On Saturday, McCarthy tried to make the case for Trump, lauding his “character and vision and understanding.”
But some new candidates for statewide office aren’t ready to go there. Steven Bailey, a retired El Dorado County Superior Court judge who recently announced his candidacy for state attorney general, declined to say Saturday whether he had voted for Trump, saying that his vote was private, because he cast it as a sitting judge. He said there are some places where he agrees with Trump and some where he doesn’t.

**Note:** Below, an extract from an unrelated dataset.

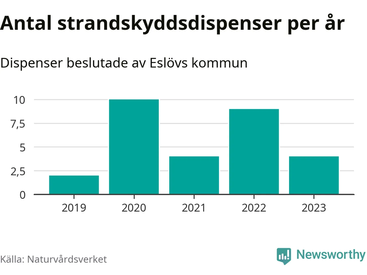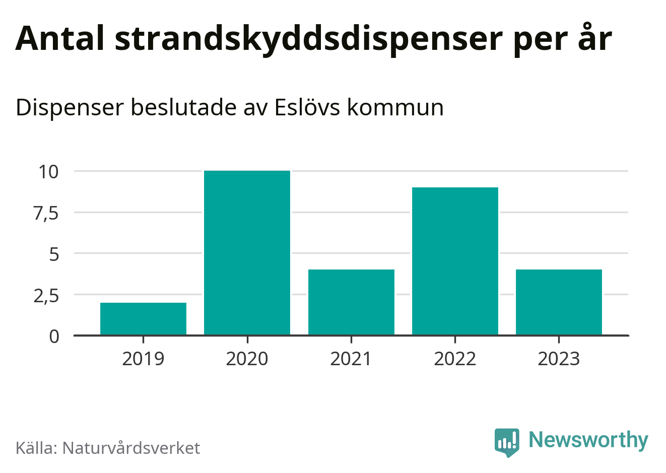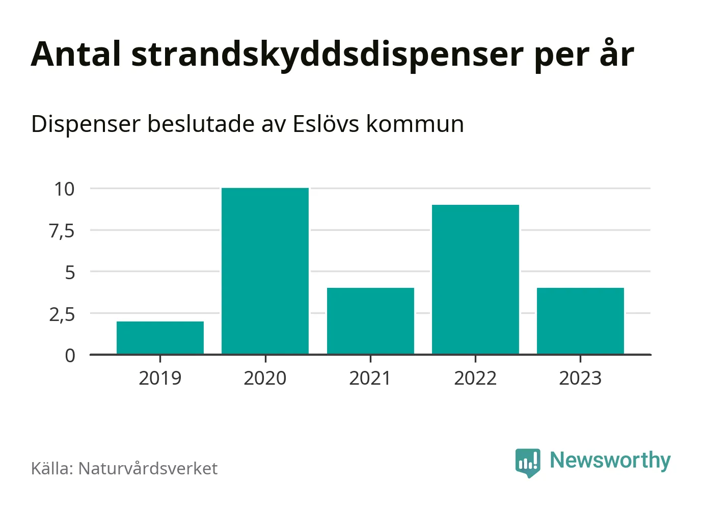 Den som vill bygga nära vatten behöver dispens från strandskyddet, lagstiftningen som ska säkra allmänhetens tillgång till stränderna och bevara livsvillkor för djur och växter. I de flesta fall är det kommunerna som godkänner dispenserna, och under de senaste fem åren har Eslövs kommun fattat 29 beslut för totalt 45 åtgärder inom strandskyddat område, enligt den sammanställning Naturvårdsverket varje år gör. Det är färre än i de flesta kommuner i landet. Flest dispenser i Skåne län har godkänts i Kristianstad – 111 stycken.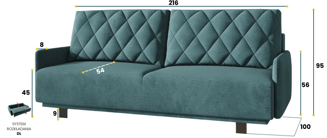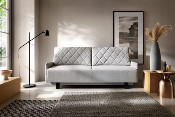 Funkcja spania jest łatwo dostępna dzięki prostemu w obsłudze automatu. Wystarczą tylko dwa ruchy, aby zamienić kanapę w wygodne miejsce do snu. Dodatkowo, kanapa posiada obszerny pojemnik na pościel, co czyni ją praktycznym rozwiązaniem.

Anti-tax advocate Grover Norquist, an influential national conservative thought leader as president of Americans for Tax Reform, said that’s the way Californians should handle questions about Trump. “You say, ‘I agree with him here, I don’t agree with him here, and here’s where I stand.’ ”
Assemblyman Travis Allen, R-Huntington Beach (Orange County), criticized his main GOP opponent for governor, Rancho Santa Fe businessman John Cox, for voting for former New Mexico Gov. Gary Johnson, a Libertarian, last fall for president.
“Of course I voted for the Republican nominee for president,” Allen said Saturday on The Chronicle’s “It’s All Political” video podcast. “In my mind, if you didn’t vote for the Republican nominee for president, essentially that was a vote for Hillary Clinton. And that doesn’t really resonate very well with statewide Republicans.
“I think it’s incumbent for the next governor of California to have a good relationship with the White House for the benefit of all Californians. It doesn’t make sense to go poke this guy in the eye at every turn.”
Allen said he differs from Trump on “lots of things,” but he wouldn’t specify any policy differences he has with the president.
Cox said he, like many during last year’s campaign, is concerned about whether Trump is truly a conservative. But, after seeing his actions in the White House, Cox said Saturday: “I’m convinced he is a conservative, and I probably should have voted for him.”
Even Charles Munger Jr., the wealthy Palo Alto physicist who has been one of the state party’s biggest donors over the past decade, demurred when asked if he thought Trump was doing a good job as president.
“I’m a California politics boy. I pay attention to California politics a whole lot,” Munger said. “My goal in assisting the administration there is to elect a lot more Republican congressmen. It’s something that we in California can reasonably do.”
What Allen and Cox and other California Republicans do agree on is that they hope their planned initiatives to repeal the gas tax will bring the party’s base out to vote next year. Even here, though, there is a split in the party. For months, Allen has been promoting a ballot measure that would roll back the tax. But last week, Cox announced he will be pouring “six figures” into a competing gas-tax-repeal measure directed at next year’s ballot.
Where California Republicans remain unified is that they are confident they can defend the congressional seats Democrats hope to flip in 2018. Bannon, who is funding challengers to Republicans around the country he deems insufficiently loyal to his brand of economic conservatism, didn’t say he would be doing that in California.
He said not to worry about being outspent by Democrats or outside groups.
“Everything you need to win you have,” Bannon said. “You can put together a grassroots army. You haven’t done it yet in California, but you can do it.”